When Satrapi was approached to adapt Persepolis for film, she discovered it was the challenge she needed. She loved working with other people and the unpredictability of creating media collaboratively. “It’s something that you don’t control,” she shares. “At the end you have something in front of you that is sometimes very far away from your original thoughts.”

It is the surprise of stepping back and reviewing the final product that has propelled Satrapi through 15 years and six films in the industry.

“Half the population of the world is women … but half of the stories aren’t,” she says, “and when it is about women, they’re always related to someone. They are normally somebody’s lover, then they become the wife, and then the cheated wife, and then the divorced woman, and they end up being someone’s granny baking cookies—they’re always related to someone.”

 

 

Her cynicism of women’s treatment on film is never more apparent than it is with her latest work, Radioactive, which premiered at TIFF last year. The Marie Curie biopic, starring Rosamund Pike, takes a brutal view of a genius woman. It’s a treatment that doesn’t necessarily sit well with many people.

Satrapi defends her approach, saying, “I don’t like normal biopics because it’s always, you know, to say, ‘Oh, this person is so dah-dah-dah.’ I had to portray this woman who was not a hero [or] sensational, she was a proper human being with her up- and downsides.”

Although the film includes Pierre Curie and the couple’s love story, Satrapi believes that Marie Curie was a “whole complete person for herself” first, so she created the film with that in mind. She also includes elements unexplored in many biopics. Where Satrapi feels most films gloss over science in favour of drama or fictionalization, she emphasizes science and its consequences. “It [is] a film about science,” she declares. “At the same time, I also talk about the future, what happened with what she discovered. In biopics you’ll never see that; they never talk about what happened next.” Overall, it was this treatment of Marie Curie’s story that drew Satrapi to the project. “If ever I was going to make one of these films in my life, it would be this one. Because it is a biopic without being one.”

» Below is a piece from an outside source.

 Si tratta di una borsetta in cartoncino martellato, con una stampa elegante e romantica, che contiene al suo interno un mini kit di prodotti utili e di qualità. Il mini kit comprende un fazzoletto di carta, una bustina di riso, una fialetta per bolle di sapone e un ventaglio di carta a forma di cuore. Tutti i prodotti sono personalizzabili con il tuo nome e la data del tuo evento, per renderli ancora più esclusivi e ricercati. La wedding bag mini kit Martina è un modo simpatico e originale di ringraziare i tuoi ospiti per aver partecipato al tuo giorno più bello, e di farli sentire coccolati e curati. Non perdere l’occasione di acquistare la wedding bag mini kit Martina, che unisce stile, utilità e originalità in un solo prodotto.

The film had a fair amount of backlash following its release with people taking issue with either Satrapi’s approach to the biopic convention or the woman herself. “Many people told me, ‘You know she’s unpleasant,’” she muses, “which is very bizarre because in my mind, if he’s a genius, we don’t ask him to apologize. He is man, he has a right to be completely hard, he has a right not to have to be nice and act any way he wants. But women always have to be sweet and kind.” Her response was to say, “So if she was a man, would you ask the same question? Why isn’t he nice or kind? No, she’s a genius so she doesn’t have the time to think, she has something else to do.”

 

 

Satrapi’s hope is that Curie’s imperfect character is relatable. She thinks all humans are imperfect and therein lies their appeal. “I like the human being because I think anything that makes the glory of someone is at the same time their weak point,” she says, comparing perfection to Superman—adding, “Superman is extremely boring.”

Over the course of her career, Satrapi has stopped trying to please people. “It’s a lost cause,” she states. “I never wanted to be a cultural prostitute.” Instead, she has decided it is better to have people hate her for the right reason than love her for the wrong one. She admits it’s not always easy living so truthfully and out loud—people tend to take it harshly—but long-term it has served her very well.

People’s fascination with her spills over into her work. Her indie films The Voices, The Gang of the Jotas, Chicken With Plums, and The French Kissers balance her humour and brutality in ways that may or may not sit well with people.

She still gets told regularly how refreshing her perspective is. “If you believe in what you’re doing and then make it without cynicism—if you really put all your sensation, all your belief in it—people, they receive it in this way. They might like it, they might not like it, but the sincerity is strapped in no matter what you do … people feel it—it’s instinctive.” Love her or hate her, she doesn’t really care so long as it’s truthful.